I'm Mrs. Brookes, and today we're looking at the benefits and limitations of fitness testing.
Now, we've learned lots around fitness test protocols and how we conduct those tests to monitor fitness, but we're gonna develop that learning to look at now what are the actual good things about going through a range of fitness testing? But are there any downsides? Are there any limitations? So our outcome for today's lesson is where we're gonna feel confident that we can state what those benefits are, but also what those limitations of those protocols are.
And we're gonna develop our skill of evaluate, where we can look at actually whether fitness testing in certain sports is relevant or not.
So our keywords are these.
We're gonna look at limitation.
We'll probably see that word quite a bit.
And we just need a reminder, but that's when we're looking at a potential failing of a test.
So what's not so good about that test to monitor fitness? Validity is a good word to look at whether a test or a method measures what it sets out to measure.
So does it say or does it do what it says it's going to do? Reliability, there's some words there that we hope that you will kind of really associate with reliability.
That's whether it's consistent and it's repeatable.
So by that, it means if you were to do the test over and over again, are you likely to get those consistent or those repeatable scores? And we'll reference the term norm.
So when you see that word norm, that's where we're looking at the result and comparing it to a result that is typical for a particular group.
That could be an age group, for example.
So our lesson is divided into three sections.
We're gonna start by looking at the benefits of fitness testing.
We're gonna build on that learning and then look at those limitations and then finally look at that skill of evaluate and looking at whether a test is actually relevant or not.
So we're gonna base this first part of the learning on Izzy.
Now, Izzy is a footballer, and she's been told by her coach that she's about to do a 12-week training programme, so potentially something that might be happening preseason.
And the coaches have shared with her that they might be doing some fitness tests before that training programme actually starts.
So Izzy is telling us here that she feels quite excited about that but also a little bit nervous and doesn't really understand why she's having to do the fitness tests.
So we feel it's important that the coach explains to Izzy the value of those tests.
Rather than Izzy just seeing them as something that she has to do, it's important that she understands the benefits and the values of them.
So firstly, it would be good to share with her that that's a good way of showing her fitness strengths but also some weaknesses because if there is some weak areas, that can be built on.
Now, that data will be objective, so it'll be giving some results, and we'll have a starting level of fitness that can be compared to some norms. And both of those will inform what that programme now needs to look like for Izzy.
So I imagine the programme would ideally look at her weaknesses or her areas of development.
And from that, that's really good 'cause Izzy can set some goals, and that will provide her that motivation that she'll need throughout that training programme.
So let's look at an example of that.
Now, I'm sure you're familiar with that vertical jump test.
We have a little GIF there playing out to kind of re-jog your memory.
And we know that that test is used to test leg power specifically.
Why is power being tested?
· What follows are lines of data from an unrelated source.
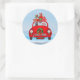 Pegatina Redonda Perro Labrador en auto con Santa Claus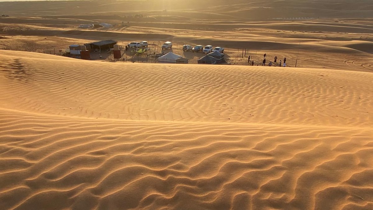 A quiet camp located on top of the sand dunes. It is characterized by the charming tranquility that the desert is famous for. You can watch the sunset and sunrise from your room, and you can see the stars. There is complete privacy. The price of accommodation includes dinner, breakfast, transportation from your car to the residence, and a short tour inside the desert and watching the sunset from Top of the sand dunes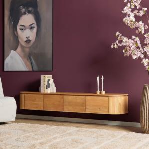 Modern zwevend greeploos tv meubel met rond vormgegeven hoeken en kabelopening in het bovenpaneel. Het meubel is gemaakt van massief mangohout en voorzien van vijf kleppen met hoogwaardig telescoop sluitsysteem. Bij dit meubel worden ook pootjes meegeleverd om er een staand model van te maken. Let op: wanneer u het meubel aan de muur bevestigd, is hij uitsluitend geschikt voor tv’s met een muurbevestiging. Het meubel is afgewerkt met een naturel lak Dit meubel is verkrijgbaar in de afmeting bxdxh: 280 x 35 x 30 cm ...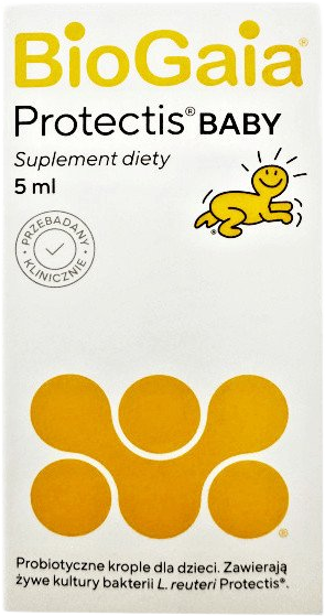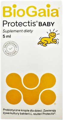 Probiotické kapky pro děti od narození je doplněk stravy. Představuje bezpečný, jednoduchý a účinný způsob, jak poskytnout bakterie odpovídající složení dětské střevní mikrobioty. Kapky lze podávat na lžičce, vmíchat do mléka nebo do jiného nápoje nebo pokrmu, což je ideální způsob přípravy pro malé děti, které ještě nezvládnou užívání tabletu. Přípravek obsahuje 100 milionů živých aktivních bakterií Lactobacillus reuteri Protectis v 5 kapkách.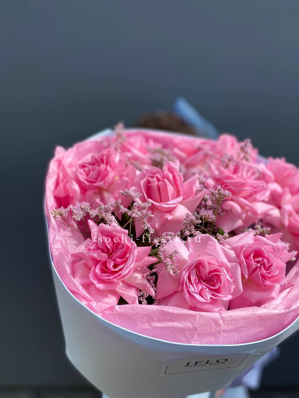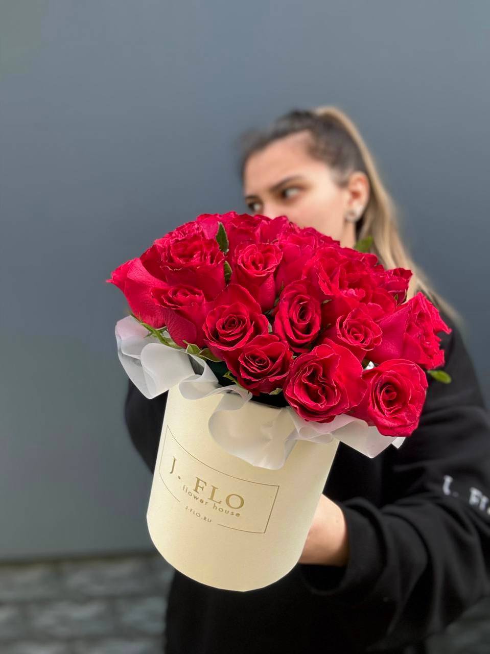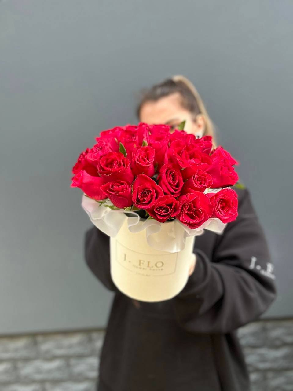 Тридцать один бутон насыщенного красного оттенка собраны в плотную композицию. Упаковка мягко обрамляет цветы, сохраняя естественную форму и позволяя каждому бутону раскрыться в своем ритме.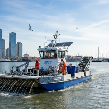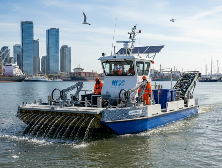 Collection of floating debris and plastics from marine waters to protect marine life and reduce shoreline pollution.

Well, Izzy straightaway is reminding us that she probably knows that that test is about her legs and that she does need that power in football, particularly when sprinting or kicking with the ball as it kind of looks at that force that she needs in the muscle to kick the ball hard and with that force.
Now, Izzy scored 42 centimetres on the vertical jump test.
And that benefit there or another value here is we have got normative data.
We have national averages, particularly for that age group.
So we can put Izzy in a category, and that will identify if it is a potential area of strength or weakness.
Now, this is that data, as I've just explained, specifically for 15- to 16-year-olds.
We can see it's categorised by gender, and Izzy would be going in that female category.
So which category do we think Izzy is in? Well done, she's actually just creeped into that average category 'cause we can see her score was 42 centimetres.
So a quick check for understanding at this point.
A benefit of fitness testing is to provide a baseline of fitness levels.
Do we think that's true or false? Well done, it is in fact true.
And if we look at that with reference to Izzy, by her getting that baseline according to that norm, she now is average, as we've identified.
And then that coach could potentially see that as an area of weakness and set a training programme that could then help to develop Izzy's leg power.
Now, Izzy does get told that she'll do that vertical jump test again after six weeks.
So this was a 12-week training programme.
So she's been told that midway through that, they will do like a retest.
And, quite rightly, she's sharing with us there at least she'll know what her score is, and she'll also be confident with the fitness test procedure or protocol.
Now, that's another value of fitness testing, essentially using it to monitor any improvement.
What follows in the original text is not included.